"Ripple," out of all the amazing songs written by the Grateful Dead, appears to have a special magic. "Ripple" is a song whose meaning boils down to the essential essence of the Grateful Dead, thanks to Robert Hunter's deep, contemplative lyrics and Jerry Garcia's serene acoustic arrangement. And it'd be difficult to find a Deadhead who doesn't consider "Ripple" to be one of their favorite tunes.
The song was included on the Grateful Dead's American Beauty album, published in 1970. It was the second of two notable albums produced that year, the first being Workingman's Dead.
These albums signaled a transition in their sound from the psychedelic chaos they were experimenting with in the late 1960s to a more roots-oriented rock style that they remained with for nearly a decade and never completely departed from.
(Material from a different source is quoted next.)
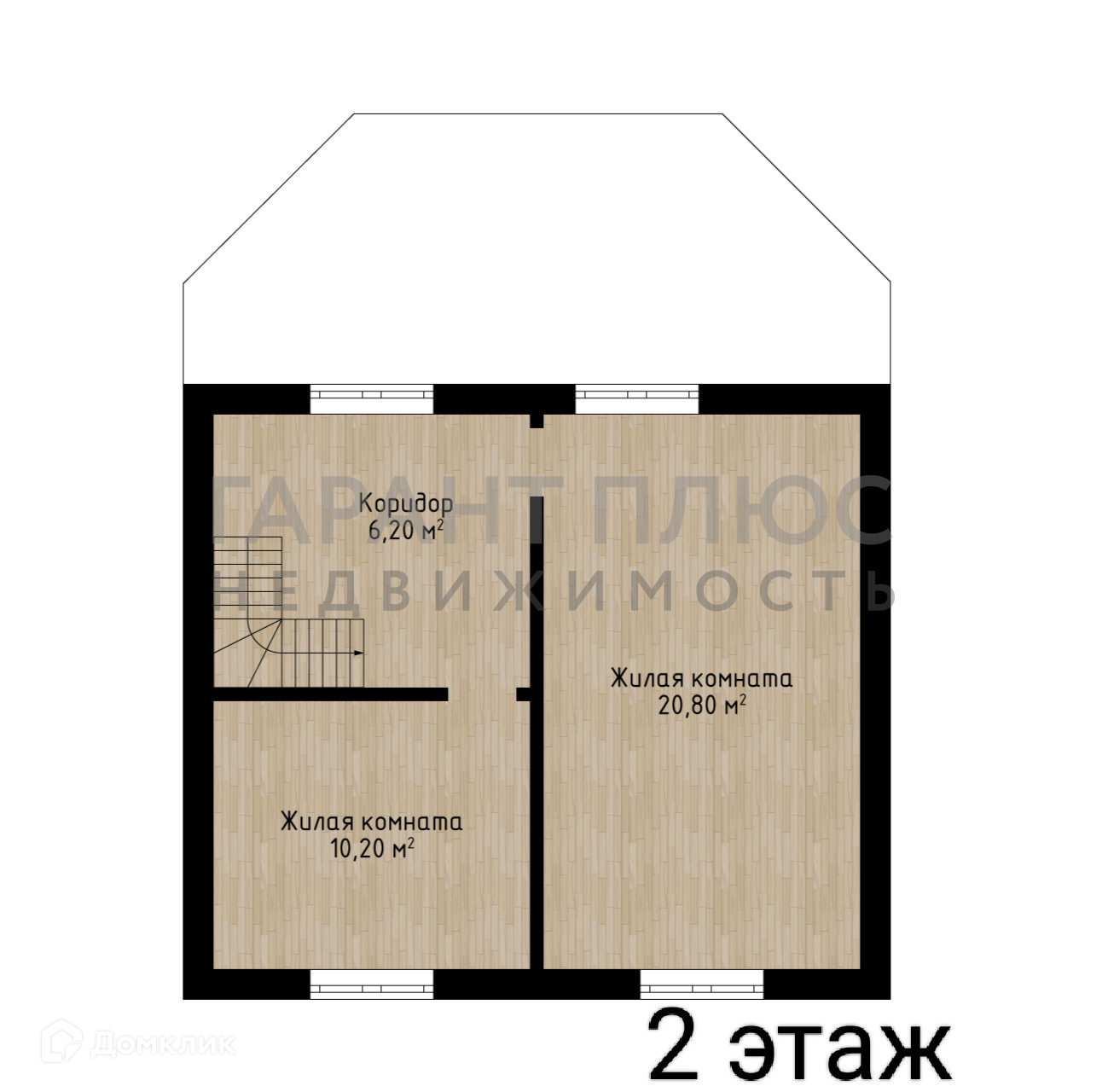 2 этаж: спальня - 20,8кв.м, спальня - 10,2кв.м.

Many of the Dead's most iconic songs are included, including "Ripple." The cream of the crop.
It's one of just a few Dead songs where the studio version might be argued to be superior to any of the live versions ("Touch of Grey" and "Box of Rain" spring to mind as well). Jerry, Bob Weir, and Phil Lesh all nail the harmonies in the American Beauty version, which is crucial to this song and proven far more difficult for them to achieve in a live situation.
The Dead only performed "Ripple" live 40 times, starting in August 1970 and continuing through the year with acoustic concerts and into 1971 with some electric sets. The song was then taken from the rotation for nearly a decade, until it reappeared in 1980-81 when the band reintroduced acoustic sets.
"Ripple" is about finding peace with life and choosing a route that suits you through learning from other lost people and, of course, embracing the power of joy via music. It's about recognizing that we're all in this together, but that you have control over your own life. With the family they established, based on a foundation of love, peace, and respect, the Dead personified the spirit of this campfire chant.
With his lyrics, Robert Hunter was recognized for avoiding too many religious or anything that could be regarded as radical connotations. He had recognized early on that the band and their music were influencing the audience, and he didn't want anyone to get the wrong idea.
"Ripple," on the other hand, isn't afraid to dangle its toes in religious waters. Hunter told Rolling Stone in 2015 that the line "Let it be known there is a fountain / That was not constructed by the hands of men" was his favorite lyric he had ever written. It implies that there is a higher power out there who built a mystical fountain, which one would suppose is the Fountain of Youth.
Hunter's lyrics also contain what could be regarded as references to various other works of mythology and literature, as mentioned in the old school annotated Grateful Dead lyrics site at the University of Santa Cruz. The ancient Indian mystic Kabir, the Hebrew Psalm 23, Walt Whitman and Yeat's poetry, and others are also mentioned.
Hunter puts "Ripple" in perspective with all of these elements that weigh and interpret life's meaning, and offers his personal interpretation while also encouraging listeners to think about it for themselves.